Hence, doing more, with less is all about making the most of what you have, yet still delivering to an expected industry standard, and beyond (if you ask your clients!). This message resonates with the values of the ABP; Accessibility, Expertise, Capability, Resourcefulness. Resourcefulness is the key here, as the need to demonstrate value as Business or Occupational Psychologists within organisations is of paramount importance if we as a profession are to gain a larger market penetration, or accessibility. So we come full circle, and observe the value of spotlighting this particular topic at the conference, as it has consequences for all of us.
Such consequences are of course influenced by the economic environment. And despite some positive signs of economic recovery in the UK, albeit tentative and minimal, we face a tricky road ahead of us. If truth be told, for many graduates entering the workplace for the first time, as Business Psychologists or in any other industry, we have not known a more prosperous time in our careers. Hence, these are the only external conditions we (I include myself in this group) have known, so surely it can only get better. This is of course is the optimist in me speaking.

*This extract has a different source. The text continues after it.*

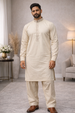 Experience elegance with this stylish salwar kameez, featuring a thread embroidery neckline. Kameez has two side pockets and buttoned sleeve cuffs to add a hint of extra style.

However, as big high street names continue to fall victim to the recession, most recently HMV, Jessops and Blockbuster, organisations are still in survival mode. This will likely persist, at least for the foreseeable future, until factors such as the pledge by the Chancellor to reduce corporate tax to 21% by 2014, have a chance to have an impact on organisational bottom lines.
We therefore must flex, adapt and be resilient in the face of such challenges. This involves working with organisations, according to their agendas. Glow at work strives to share knowledge and provide a forum to address current people issues that organisations face, in our monthly Masterclasses. These network evenings with respective experts, focus on issues such as creativity and innovation in the workplace, resilience and management competence. All of these factors, when managed effectively demonstrate a return on investment for organisations. Hence, as Business Psychologists, we must be able to articulate and demonstrate our knowledge and capability in these areas, as it is through our expertise in these niches along with our commercial awareness and grasp of business realities that we can add value to organisations.
There is also a need to get the correct balance between commercial/customer needs and rigorous and effective interventions. This application of Psychological principles, frameworks and theory in the workplace is essentially our USP. And it is being able to express this USP and how this can ultimately help the organisations we work with to achieve their strategic objectives which will allow us to be efficient as consultants.
The ABP conference promises to deliver best practice advice for practitioners, ranging from Business Psychologists to HR specialists, to Management Consultants, as the range of impact that applied psychology has in an organisational setting is large. We’ll keenly be watching the ABP space, for announcements of their keynote speakers, who will be highlights amongst the wealth of practical workshops, case study sessions and symposiums, not to mention the chance to meet and socialise with many interesting and like-minded individuals.